> Assignment
Below is a listing to copy exactly; no image goes into the copy.

> Information shown
════════════════════
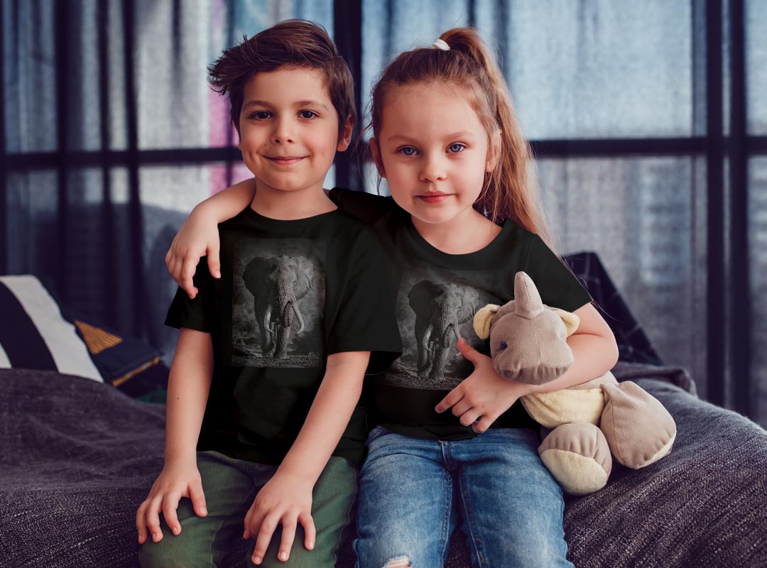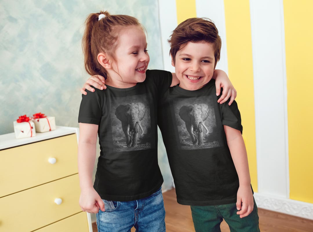 tシャツ キッズ 半袖 黒地 ブラック デザイン 90 100 110 120 130 140 150 Tシャツ ティーシャツ T shirt 001211 ゾウ 動物 モノクロ
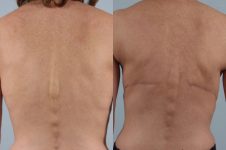 Here, bilateral mastectomy was combined with bilateral latissimus flaps and implants. Later, (after chemo and before radiation) nipple reconstruction was done. After recovery from radiation, the final pigmentation (tattooing) was done. A fine result.
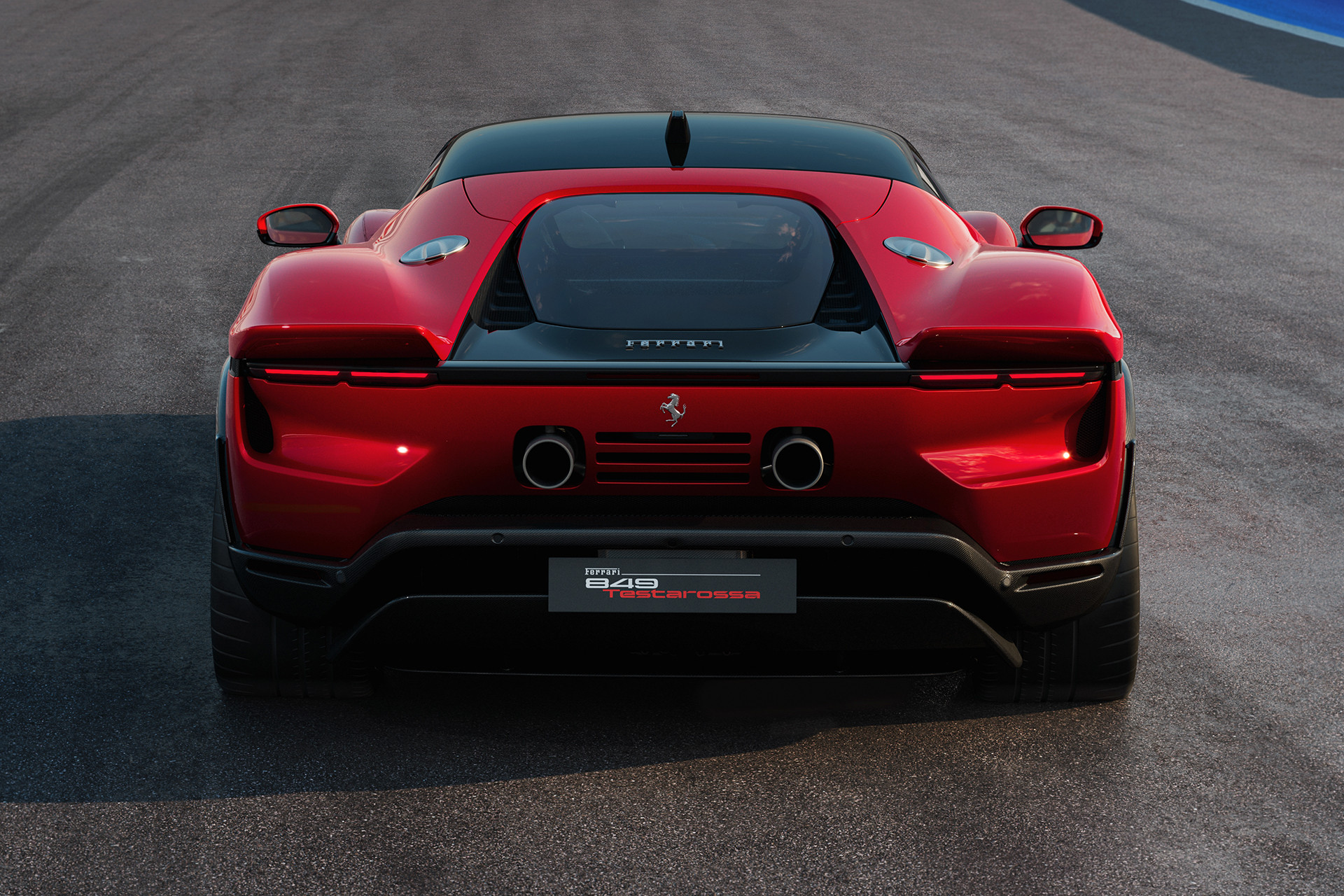 Về thiết kế, 849 Testarossa mang dáng berlinetta, động cơ đặt giữa phía sau, lấy cảm hứng từ các dòng Sports Prototype thập niên 1970. Ngôn ngữ tạo hình sắc sảo, mạnh mẽ nhưng vẫn giữ chất điêu khắc đặc trưng của Ferrari. Khí động học được tối ưu để tạo lực ép xuống 415 kg tại 250 km/h, tăng 25 kg so với SF90, đồng thời cải thiện hiệu quả làm mát thêm 15%.
════════════════════
> Answer area
 tシャツ キッズ 半袖 黒地 ブラック デザイン 90 100 110 120 130 140 150 Tシャツ ティーシャツ T shirt 001211 ゾウ 動物 モノクロ
 Here, bilateral mastectomy was combined with bilateral latissimus flaps and implants. Later, (after chemo and before radiation) nipple reconstruction was done. After recovery from radiation, the final pigmentation (tattooing) was done. A fine result.
 Về thiết kế, 849 Testarossa mang dáng berlinetta, động cơ đặt giữa phía sau, lấy cảm hứng từ các dòng Sports Prototype thập niên 1970. Ngôn ngữ tạo hình sắc sảo, mạnh mẽ nhưng vẫn giữ chất điêu khắc đặc trưng của Ferrari. Khí động học được tối ưu để tạo lực ép xuống 415 kg tại 250 km/h, tăng 25 kg so với SF90, đồng thời cải thiện hiệu quả làm mát thêm 15%.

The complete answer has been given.